--- Supplied material Enclosed Below ---

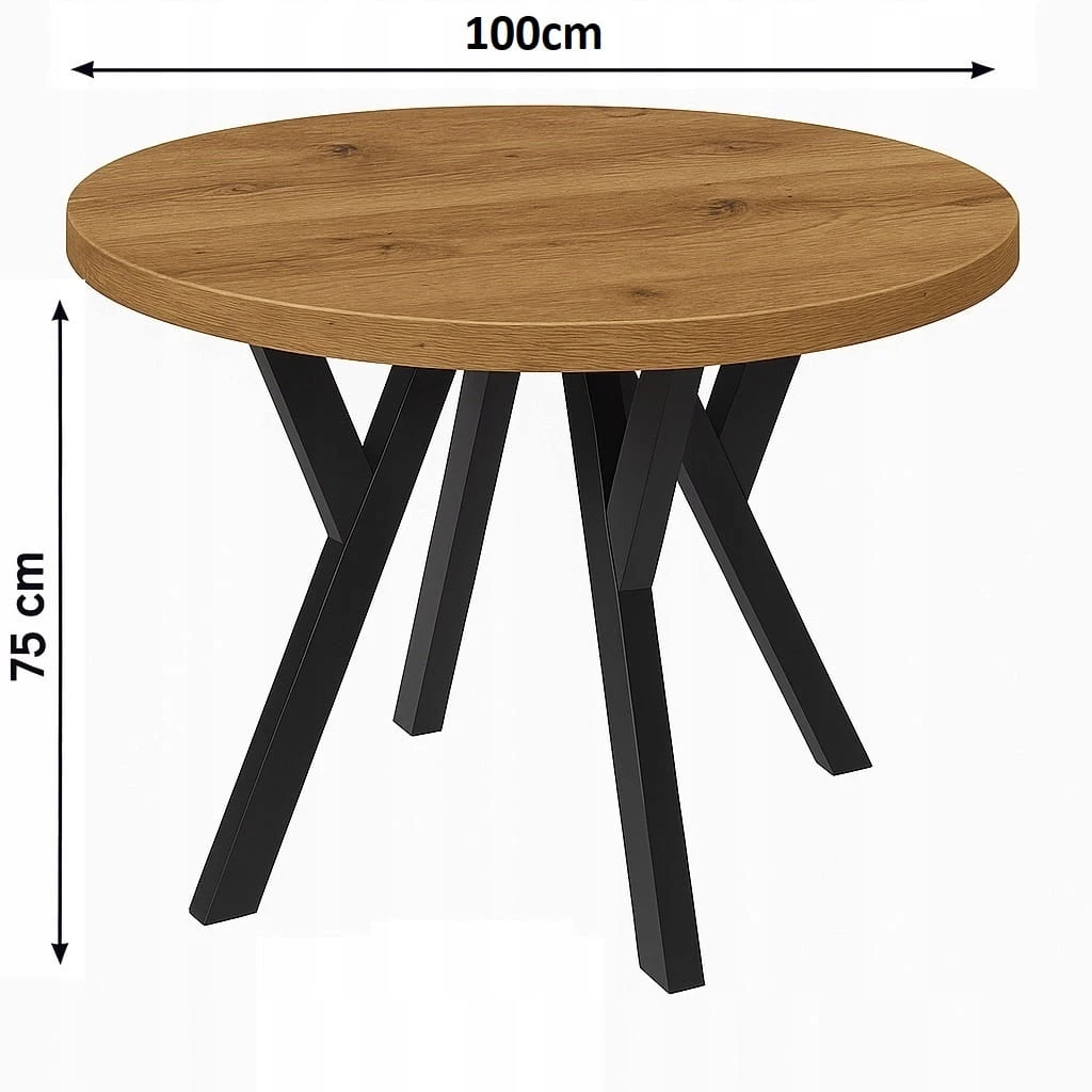 Praktyczny stół w stylu LOFT INDUSTRIAL o średnicy Ø 100cm. Blat wykonany z płyty laminowanej o grubości 36mm. Masywne metalowe nogi z profilu o przekroju 40mm x 60mm w kolorze czarnym malowana proszkowo zapewnia doskonałą stabilność stołu.
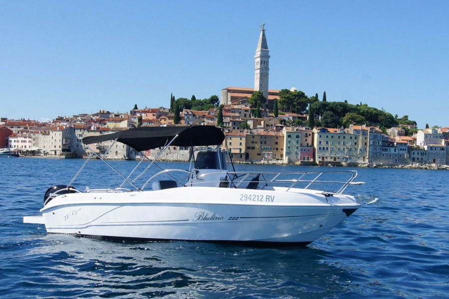 Rent a speedboat Bluline 21 2, max 8 persons, length: 6.5 meters, engine: Suzuki 150 hp, max speed: 60 km/h. Rent for 1 day or up to 7 days on the beach Žal in Prižba and in the village Karbuni. Charter transfer to Mljet, Hvar, Vis, Lastovo.
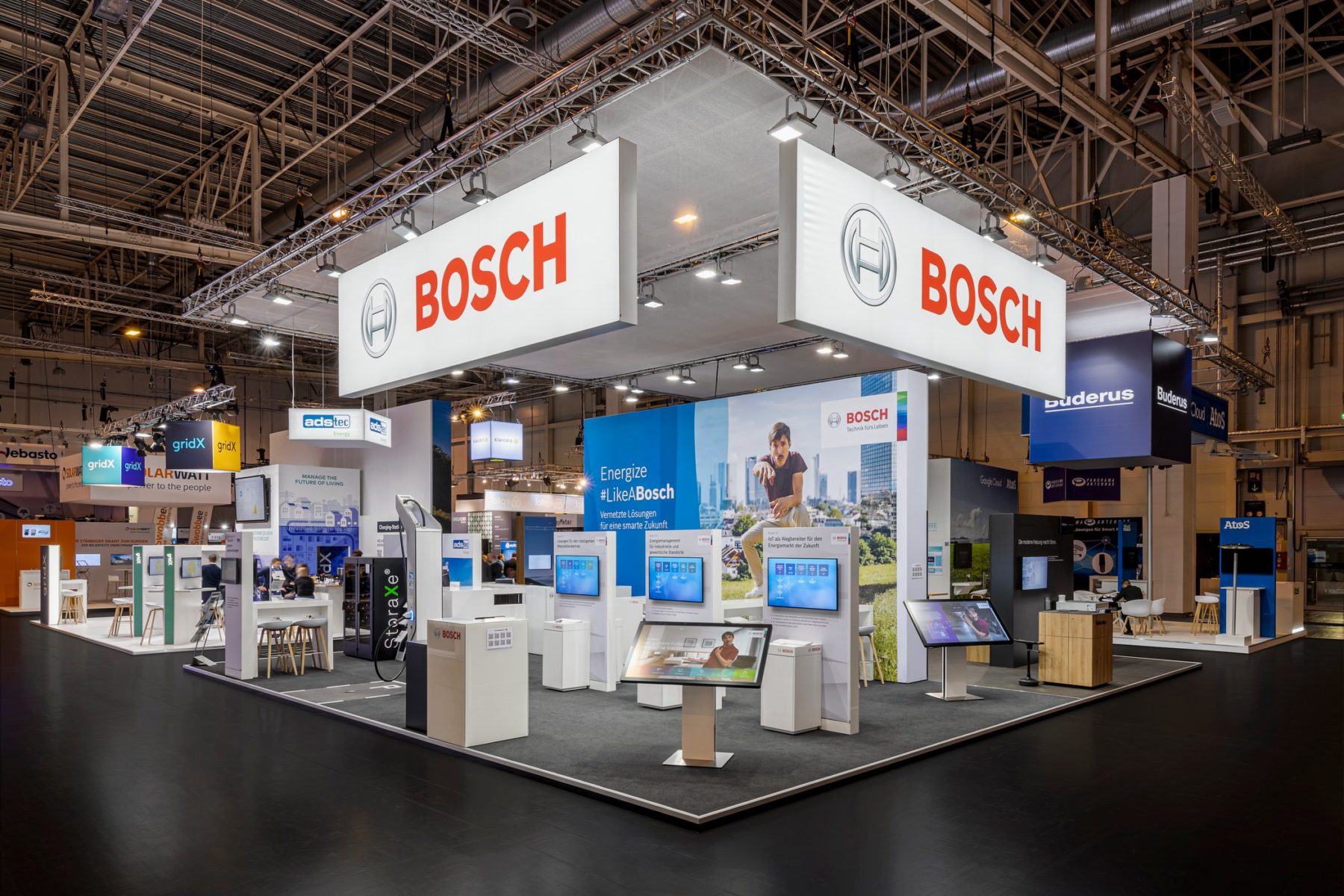 As the meeting point for the European energy industry, E-World energy & water is one of the most important trade fairs of the year. Exhibitors from all over the world present sustainable technologies and intelligent services for the future of energy. Our customer Robert Bosch GmbH presented itself this year on a joint stand with several Bosch areas. This formation offers an optimal overview of the broad solution portfolio in the energy sector. The exhibition stand creates the creative harmony of the different areas.

--- End of Enclosed Supplied material ---

The answer must consist solely of the lines from the one with "Rent a speedboat" through the final line of the data, each reproduced exactly and with pictures omitted.

 Rent a speedboat Bluline 21 2, max 8 persons, length: 6.5 meters, engine: Suzuki 150 hp, max speed: 60 km/h. Rent for 1 day or up to 7 days on the beach Žal in Prižba and in the village Karbuni. Charter transfer to Mljet, Hvar, Vis, Lastovo.
 As the meeting point for the European energy industry, E-World energy & water is one of the most important trade fairs of the year. Exhibitors from all over the world present sustainable technologies and intelligent services for the future of energy. Our customer Robert Bosch GmbH presented itself this year on a joint stand with several Bosch areas. This formation offers an optimal overview of the broad solution portfolio in the energy sector. The exhibition stand creates the creative harmony of the different areas.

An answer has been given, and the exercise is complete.